July 21, 2019 | 83° F

Deep Treble pays homage to graduating seniors at annual Spring Concert

Photo by Georgette Stillman |

Deep Treble’s two-hour spring concert took place on Friday night in Van Dyck Hall. The event paid homage to the group’s two graduating seniors with a video tribute

Co-ed a capella group Deep Treble held its annual spring concert in Van Dyck Hall to end the school year and celebrate their graduating members last Friday at 8 p.m.

The event was open to students and the public, and about 75 people were in attendance.

Founded in 1998, the student-run group has released five albums, including their recent 2016 album entitled, "41 Jones: The Basement Sessions."

The event was hosted by Erica Lazarow, a School of Arts and Sciences sophomore, and Marquis Reece, a School of Arts and Sciences senior.

There were 15 student performers in total — the concert lasted for about two hours, opening with a performance of Florence + the Machine’s “Dog Days Are Over.”

This spring concert featured an eclectic mix of compositions of new and classic songs from across multiple genres — from Hall and Oates’ “Rich Girl” to “Sweater Weather” from the artist The Neighbourhood. It also included hits from Beyoncé, The Jackson Five and Chance the Rapper, among many other artists.

“All of our awesome arrangements are written by members of the group,” said Mason Satnick, a first-year student in the School of Arts and Sciences.

He said the concert was his first time beatboxing in a performance.

Claire Towell, a Rutgers Business School sophomore and performing member of Deep Treble, explained that the song choices are reflective of the different tastes within the group. During the process of selecting songs for each concert, each member suggests two songs, she said, and everyone votes.

Each of the roughly 15 songs of the concert featured one soloist, who sang the lyrics, while everyone else performed the a capella background.

“For solos, anyone can audition for a song. Then the auditions leave, and the rest of the group has a discussion followed by a blind vote. That way we know that everything is fair, and no one’s feelings get hurt in the process,” she said.

Lazarow said traditionally, at each concert, the group does a tribute to the seniors.

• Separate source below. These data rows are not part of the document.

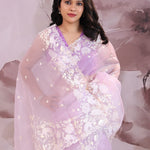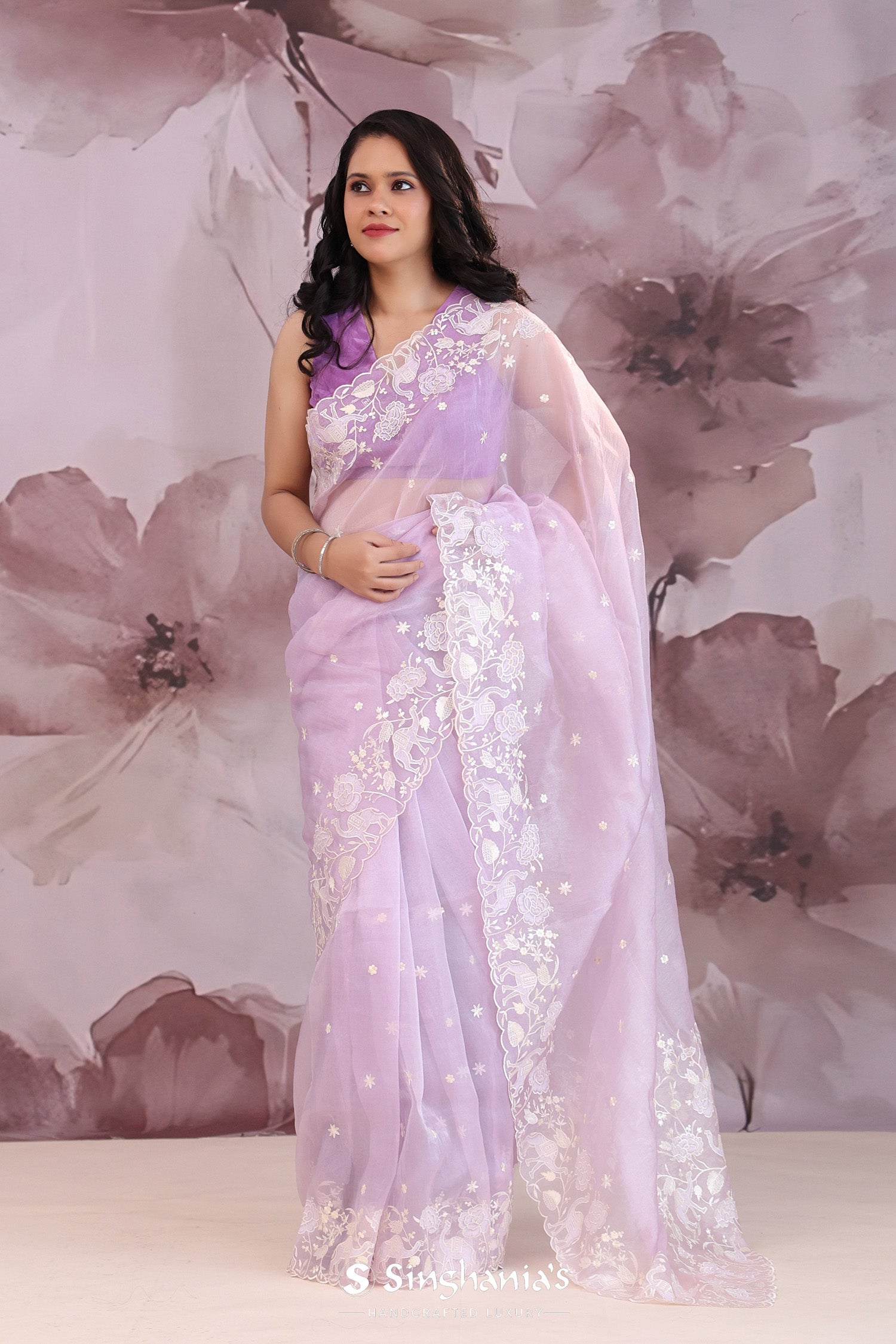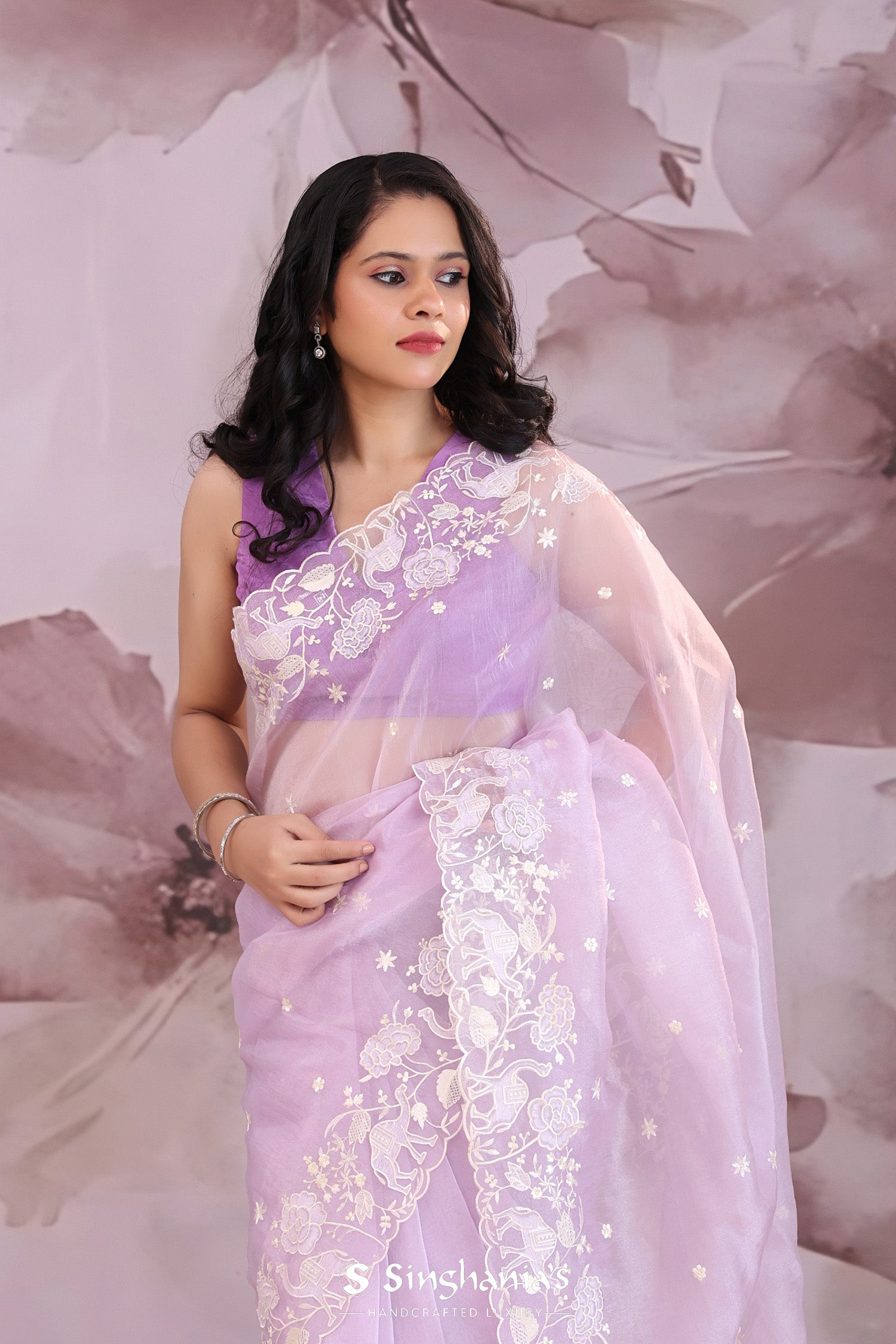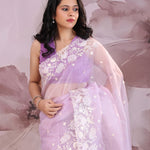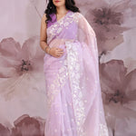 Mauve Purple Organza Tissue Saree With Scallop Border
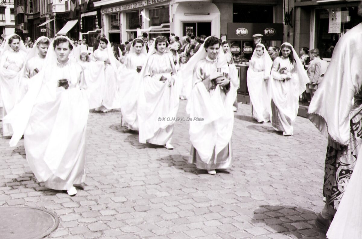 Een groep Oostendse meisjes in de Zeewijding op het Wapenplein.
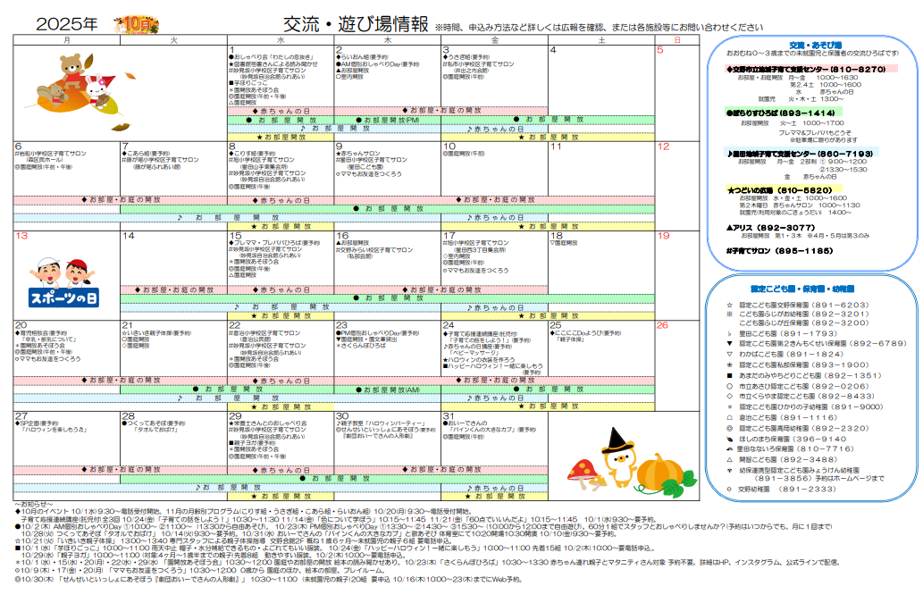 10月の交流遊び場情報

The group showed a video celebrating graduating senior member Reece, as well as School of Arts and Sciences junior Bria Romano, who is also leaving after the semester.

Towell was the group member responsible for recording and editing all the videos shown during the concert. 

“We use the spring concert as a sort of send-off for the seniors,” she said.

The video featured all the members of Deep Treble, allowing them to talk about any memories, and to send a message to Reece and Romano, who were also given a chance to speak about their experiences in the video.

In the recording, Romano said, “(Deep Treble) has been amazing over the past three years. (Deep Treble) gave me a chance to start over.” 

Romano did not enjoy her high school experience, she said. 

“So coming to Rutgers, I knew I had to start over, but in order to do that I had to find my niche, and that’s why I tried out for Deep Treble," Romano said. 

She said that being in the organization allowed her to learn and grow in many aspects beyond music.

Reece also spoke of his positive experience in the organization. 

“(Deep Treble) has been my support system, my place to destress and enjoy making beautiful music,” he said in the video.

After the final student performance, “What You Don’t Do” by Lianne La Havas, the group welcomed Deep Treble alumni in the audience to come onto the stage for a performance of Jason Mraz’s “The Remedy (I Won't Worry),” where several alumni sang the solo parts.

Written in chalk on the blackboard of the lecture hall-turned-stage where the concert took place was the phrase "Run Deep," a saying with special meaning for members of Deep Treble.

“It's always just been our slogan. We always say that our love for each other and our love for music runs deep. It runs deep in our veins like an ocean,” Towell said. “Before every concert, we put our hands in (together) and say ‘Run Deep’ on three. It's basically just a phrase of power, confidence and love."

Christina Gaudino is a School of Arts and Sciences first-year student majoring in public policy. She is a staff writer for The Daily Targum.